> _Records provided_:
=== Begin Enclosure ===

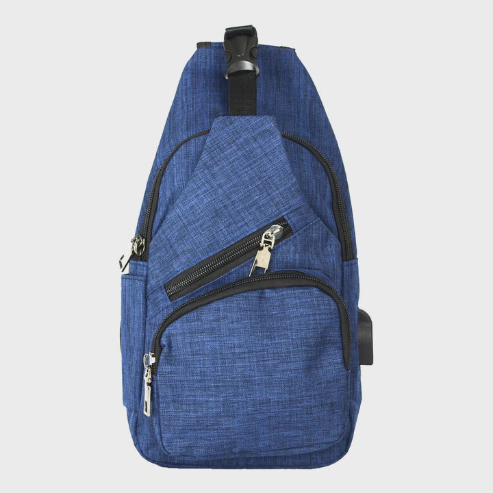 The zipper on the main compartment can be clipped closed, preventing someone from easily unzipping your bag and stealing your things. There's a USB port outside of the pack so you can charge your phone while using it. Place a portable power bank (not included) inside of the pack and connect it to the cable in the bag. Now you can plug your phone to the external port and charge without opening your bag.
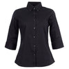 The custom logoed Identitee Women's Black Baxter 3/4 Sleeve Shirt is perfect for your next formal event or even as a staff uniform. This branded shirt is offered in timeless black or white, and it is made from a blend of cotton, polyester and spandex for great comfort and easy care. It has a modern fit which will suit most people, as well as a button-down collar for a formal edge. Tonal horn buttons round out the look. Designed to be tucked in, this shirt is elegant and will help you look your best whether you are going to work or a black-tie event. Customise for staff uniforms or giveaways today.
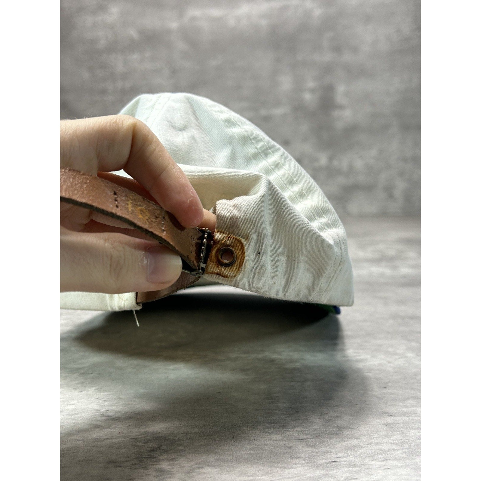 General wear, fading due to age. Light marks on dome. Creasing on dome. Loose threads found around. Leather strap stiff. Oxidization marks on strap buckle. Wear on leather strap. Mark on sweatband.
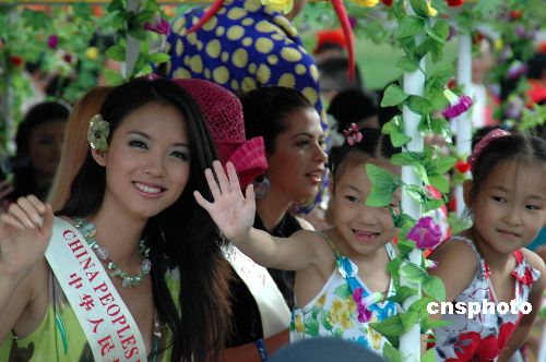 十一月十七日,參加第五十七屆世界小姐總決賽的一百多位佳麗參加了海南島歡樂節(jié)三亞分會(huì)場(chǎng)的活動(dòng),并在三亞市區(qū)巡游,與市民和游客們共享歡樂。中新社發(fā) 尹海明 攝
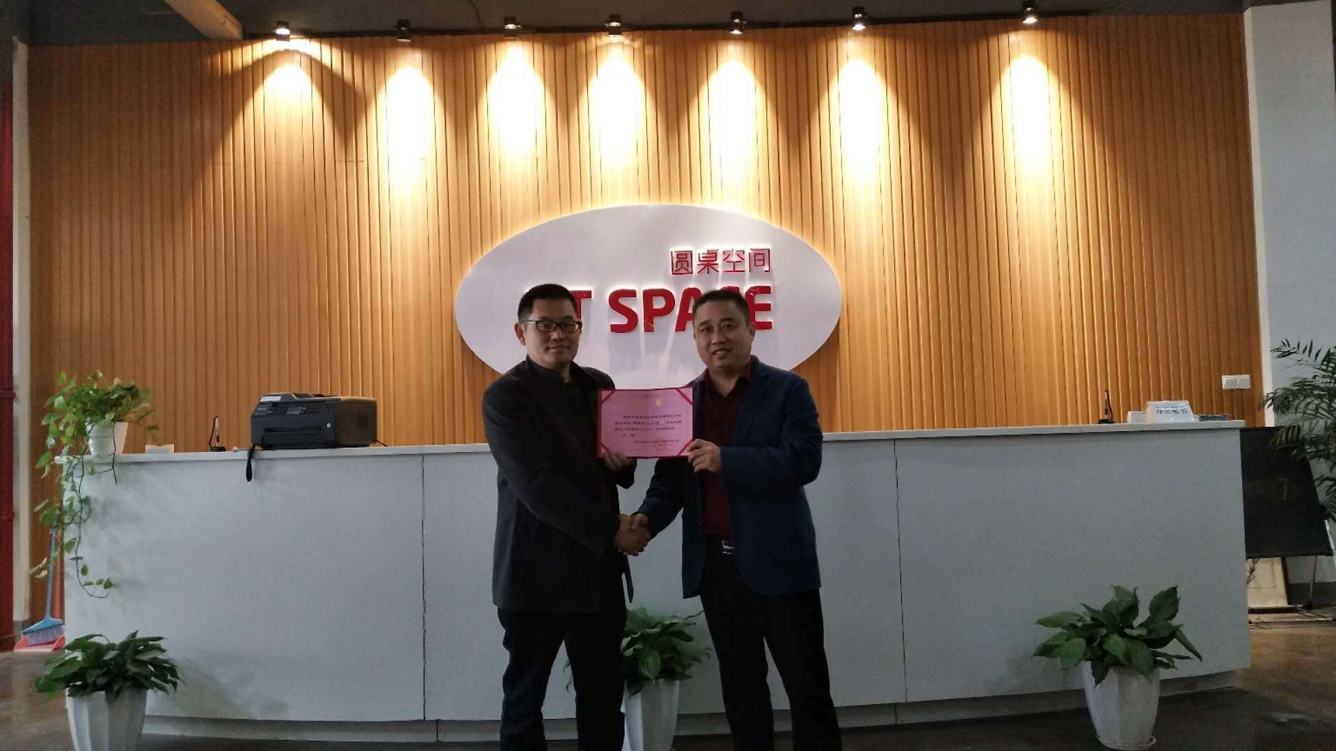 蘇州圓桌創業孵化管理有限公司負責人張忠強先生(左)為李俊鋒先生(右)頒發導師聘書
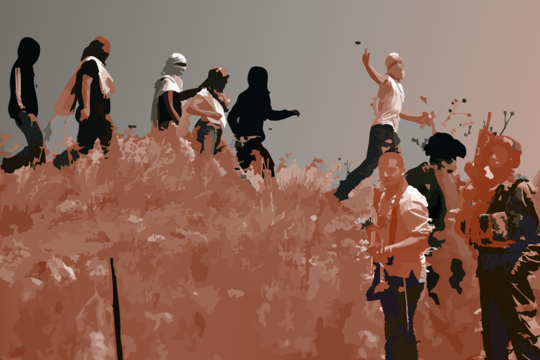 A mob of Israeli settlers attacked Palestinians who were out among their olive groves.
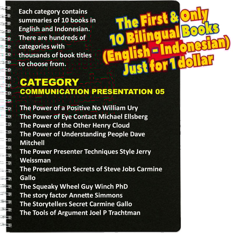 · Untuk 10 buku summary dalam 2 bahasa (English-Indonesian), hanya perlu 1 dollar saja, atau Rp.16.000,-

=== End Enclosure ===

> _What the task asks_:
Transcribe the full listing above exactly as it stands, minus the pictures.

> _Answer section_:
 The zipper on the main compartment can be clipped closed, preventing someone from easily unzipping your bag and stealing your things. There's a USB port outside of the pack so you can charge your phone while using it. Place a portable power bank (not included) inside of the pack and connect it to the cable in the bag. Now you can plug your phone to the external port and charge without opening your bag.
 The custom logoed Identitee Women's Black Baxter 3/4 Sleeve Shirt is perfect for your next formal event or even as a staff uniform. This branded shirt is offered in timeless black or white, and it is made from a blend of cotton, polyester and spandex for great comfort and easy care. It has a modern fit which will suit most people, as well as a button-down collar for a formal edge. Tonal horn buttons round out the look. Designed to be tucked in, this shirt is elegant and will help you look your best whether you are going to work or a black-tie event. Customise for staff uniforms or giveaways today.
 General wear, fading due to age. Light marks on dome. Creasing on dome. Loose threads found around. Leather strap stiff. Oxidization marks on strap buckle. Wear on leather strap. Mark on sweatband.
 十一月十七日,參加第五十七屆世界小姐總決賽的一百多位佳麗參加了海南島歡樂節(jié)三亞分會(huì)場(chǎng)的活動(dòng),并在三亞市區(qū)巡游,與市民和游客們共享歡樂。中新社發(fā) 尹海明 攝
 蘇州圓桌創業孵化管理有限公司負責人張忠強先生(左)為李俊鋒先生(右)頒發導師聘書
 A mob of Israeli settlers attacked Palestinians who were out among their olive groves.
 · Untuk 10 buku summary dalam 2 bahasa (English-Indonesian), hanya perlu 1 dollar saja, atau Rp.16.000,-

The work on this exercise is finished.